◆ Records provided:
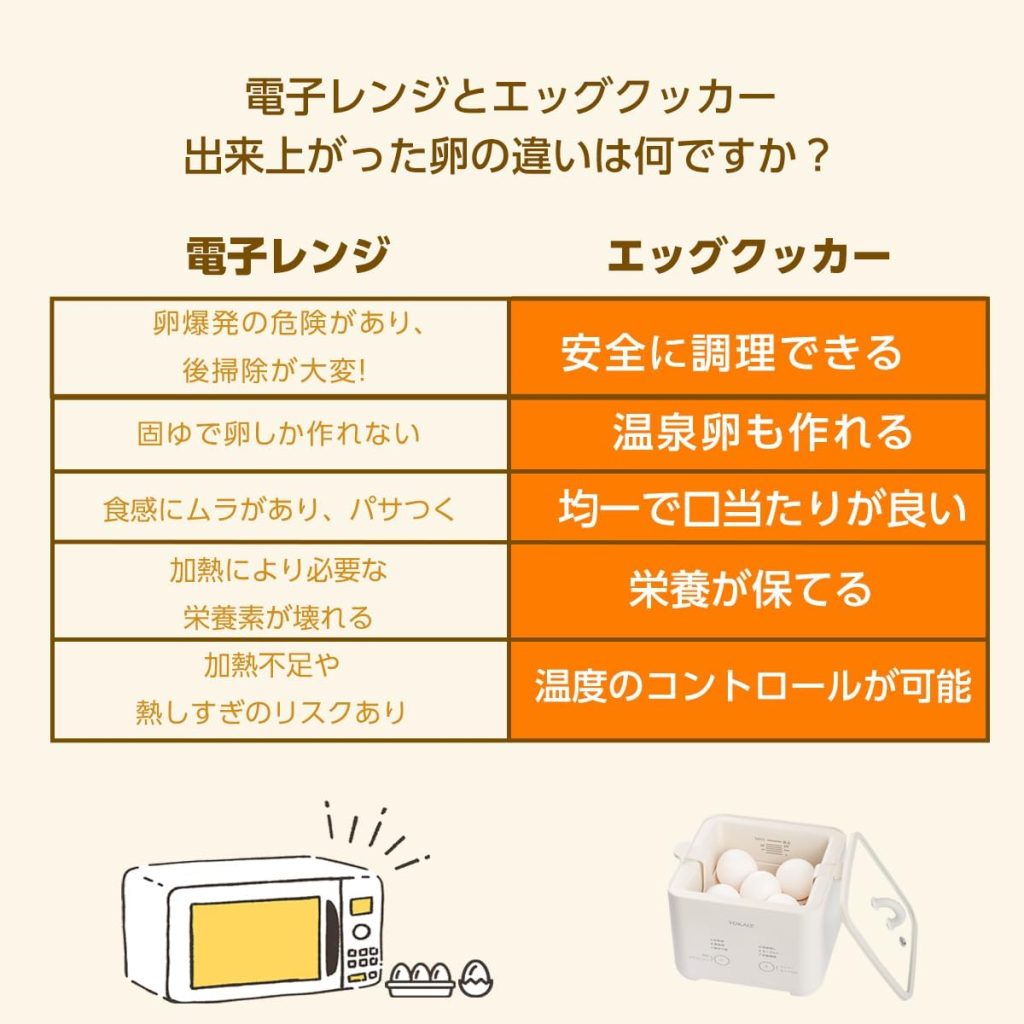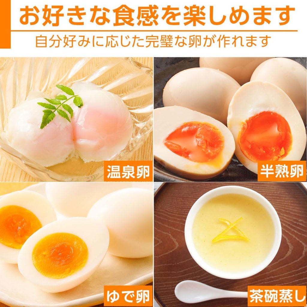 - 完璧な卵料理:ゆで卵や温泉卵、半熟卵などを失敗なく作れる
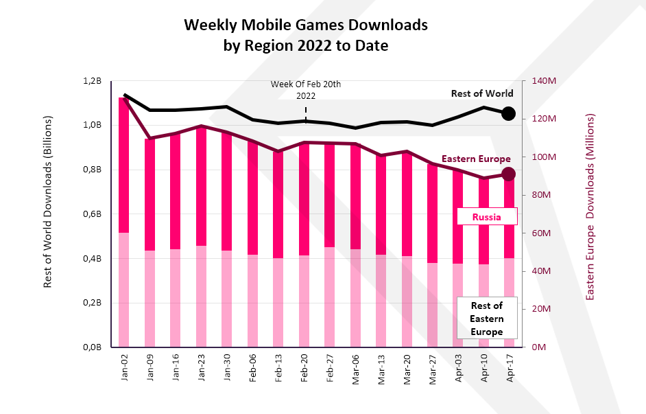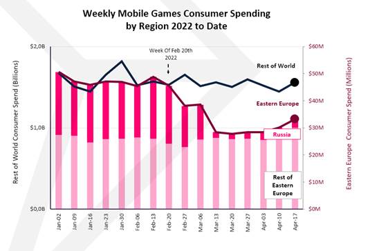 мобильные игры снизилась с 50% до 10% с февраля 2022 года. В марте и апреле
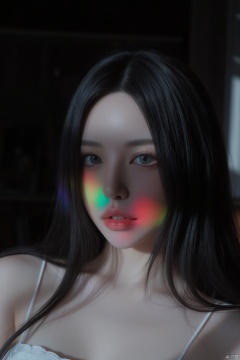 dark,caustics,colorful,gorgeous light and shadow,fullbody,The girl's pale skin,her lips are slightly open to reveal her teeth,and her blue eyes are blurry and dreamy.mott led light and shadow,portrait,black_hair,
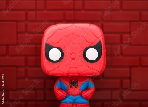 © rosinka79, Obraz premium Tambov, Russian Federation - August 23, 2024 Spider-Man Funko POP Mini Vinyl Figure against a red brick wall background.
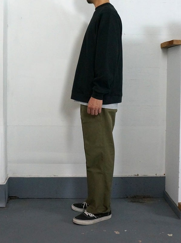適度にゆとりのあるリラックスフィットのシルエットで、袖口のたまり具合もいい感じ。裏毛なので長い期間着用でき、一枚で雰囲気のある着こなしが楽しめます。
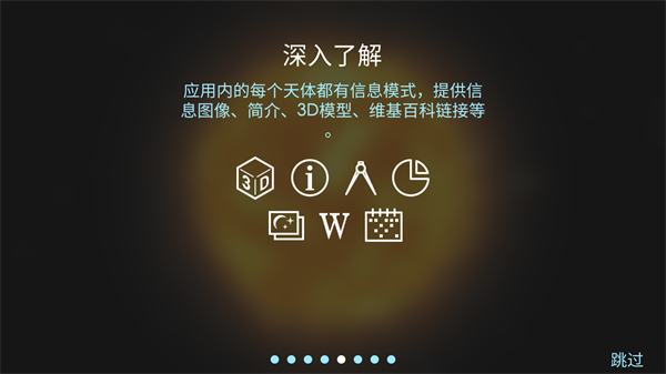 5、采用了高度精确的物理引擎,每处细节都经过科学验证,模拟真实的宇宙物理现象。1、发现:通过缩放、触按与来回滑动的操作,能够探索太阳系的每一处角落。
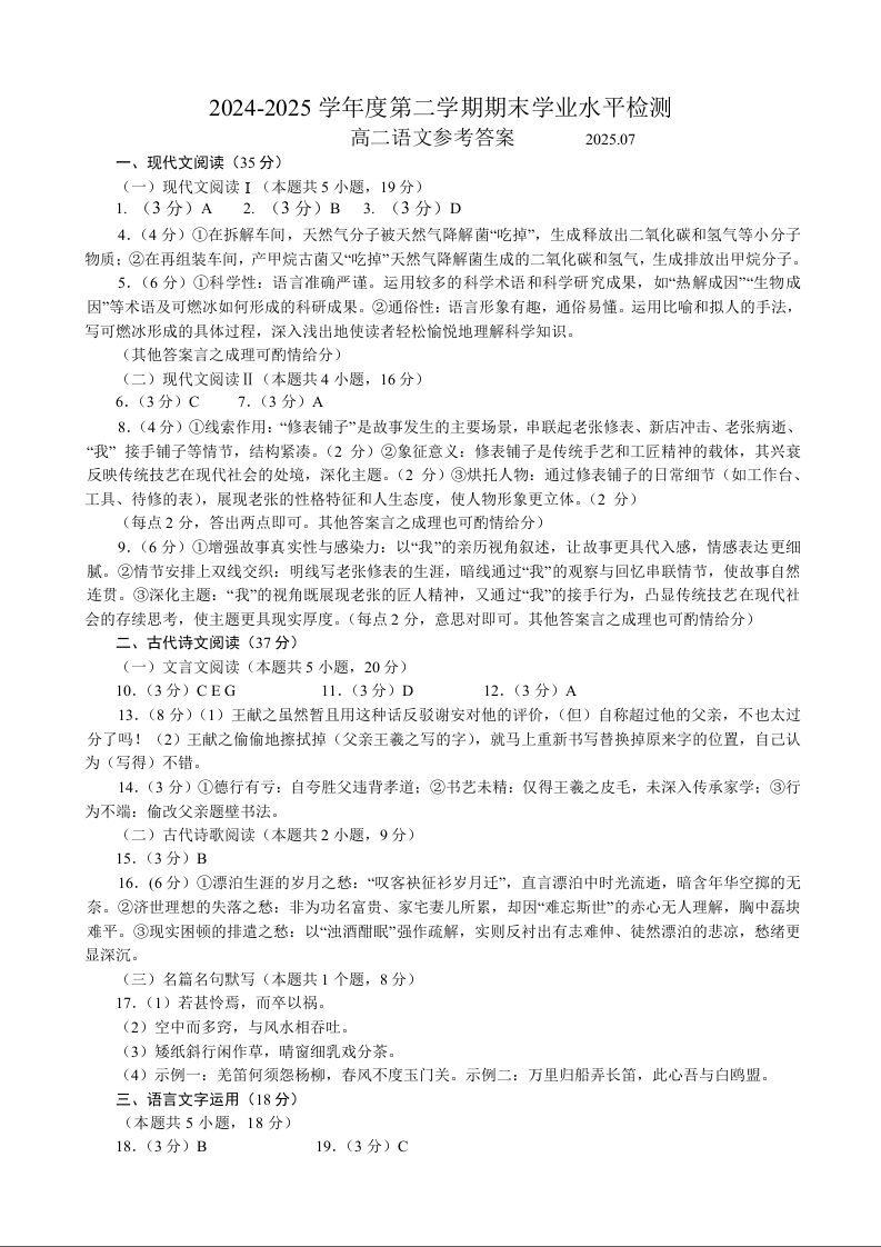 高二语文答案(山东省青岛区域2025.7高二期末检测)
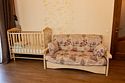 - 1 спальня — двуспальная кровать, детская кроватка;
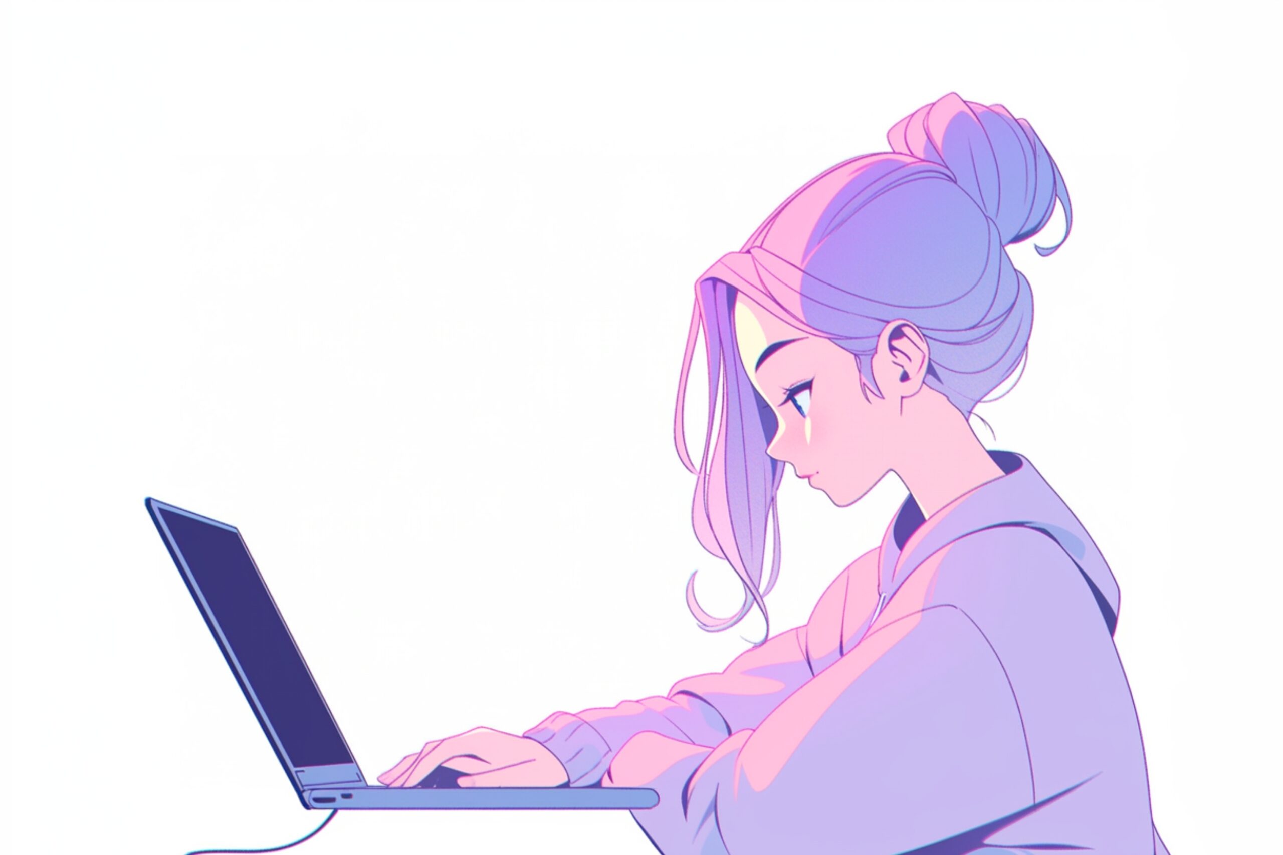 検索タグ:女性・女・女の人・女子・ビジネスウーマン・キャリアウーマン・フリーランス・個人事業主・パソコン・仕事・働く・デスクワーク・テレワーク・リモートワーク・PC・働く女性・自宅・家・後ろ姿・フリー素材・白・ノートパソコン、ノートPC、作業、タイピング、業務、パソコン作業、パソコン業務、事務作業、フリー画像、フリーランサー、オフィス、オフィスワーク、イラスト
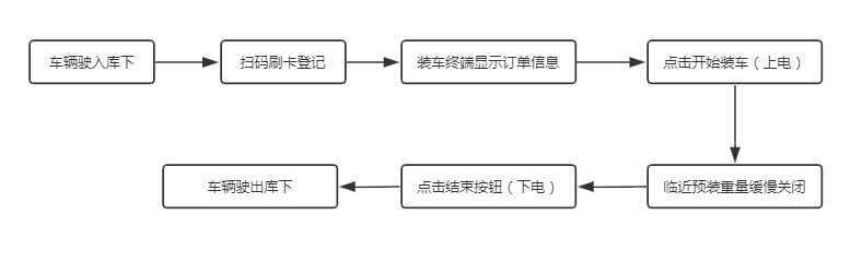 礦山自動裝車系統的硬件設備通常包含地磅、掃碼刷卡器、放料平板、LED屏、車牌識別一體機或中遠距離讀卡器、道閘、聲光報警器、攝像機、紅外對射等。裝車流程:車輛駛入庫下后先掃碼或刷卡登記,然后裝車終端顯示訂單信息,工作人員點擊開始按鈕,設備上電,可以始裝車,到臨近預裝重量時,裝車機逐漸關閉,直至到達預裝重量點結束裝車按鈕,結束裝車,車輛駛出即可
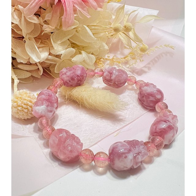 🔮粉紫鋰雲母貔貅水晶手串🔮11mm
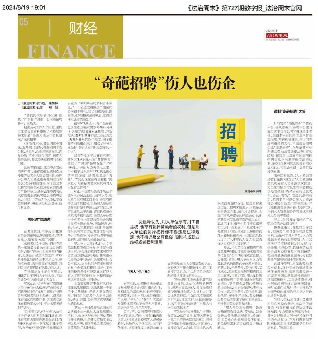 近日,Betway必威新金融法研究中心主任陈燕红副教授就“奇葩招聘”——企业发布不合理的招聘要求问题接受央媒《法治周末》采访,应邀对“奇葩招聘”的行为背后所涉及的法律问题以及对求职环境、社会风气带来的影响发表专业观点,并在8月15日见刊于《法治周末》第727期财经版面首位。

◆ Task prompt:
Drop the pictures, then transcribe the lines from the one containing "適度にゆとりのあるリラックス" to the end of the data above, exactly and nothing more.

◆ Task output:
適度にゆとりのあるリラックスフィットのシルエットで、袖口のたまり具合もいい感じ。裏毛なので長い期間着用でき、一枚で雰囲気のある着こなしが楽しめます。
 5、采用了高度精确的物理引擎,每处细节都经过科学验证,模拟真实的宇宙物理现象。1、发现:通过缩放、触按与来回滑动的操作,能够探索太阳系的每一处角落。
 高二语文答案(山东省青岛区域2025.7高二期末检测)
 - 1 спальня — двуспальная кровать, детская кроватка;
 検索タグ:女性・女・女の人・女子・ビジネスウーマン・キャリアウーマン・フリーランス・個人事業主・パソコン・仕事・働く・デスクワーク・テレワーク・リモートワーク・PC・働く女性・自宅・家・後ろ姿・フリー素材・白・ノートパソコン、ノートPC、作業、タイピング、業務、パソコン作業、パソコン業務、事務作業、フリー画像、フリーランサー、オフィス、オフィスワーク、イラスト
 礦山自動裝車系統的硬件設備通常包含地磅、掃碼刷卡器、放料平板、LED屏、車牌識別一體機或中遠距離讀卡器、道閘、聲光報警器、攝像機、紅外對射等。裝車流程:車輛駛入庫下后先掃碼或刷卡登記,然后裝車終端顯示訂單信息,工作人員點擊開始按鈕,設備上電,可以始裝車,到臨近預裝重量時,裝車機逐漸關閉,直至到達預裝重量點結束裝車按鈕,結束裝車,車輛駛出即可
 🔮粉紫鋰雲母貔貅水晶手串🔮11mm
 近日,Betway必威新金融法研究中心主任陈燕红副教授就“奇葩招聘”——企业发布不合理的招聘要求问题接受央媒《法治周末》采访,应邀对“奇葩招聘”的行为背后所涉及的法律问题以及对求职环境、社会风气带来的影响发表专业观点,并在8月15日见刊于《法治周末》第727期财经版面首位。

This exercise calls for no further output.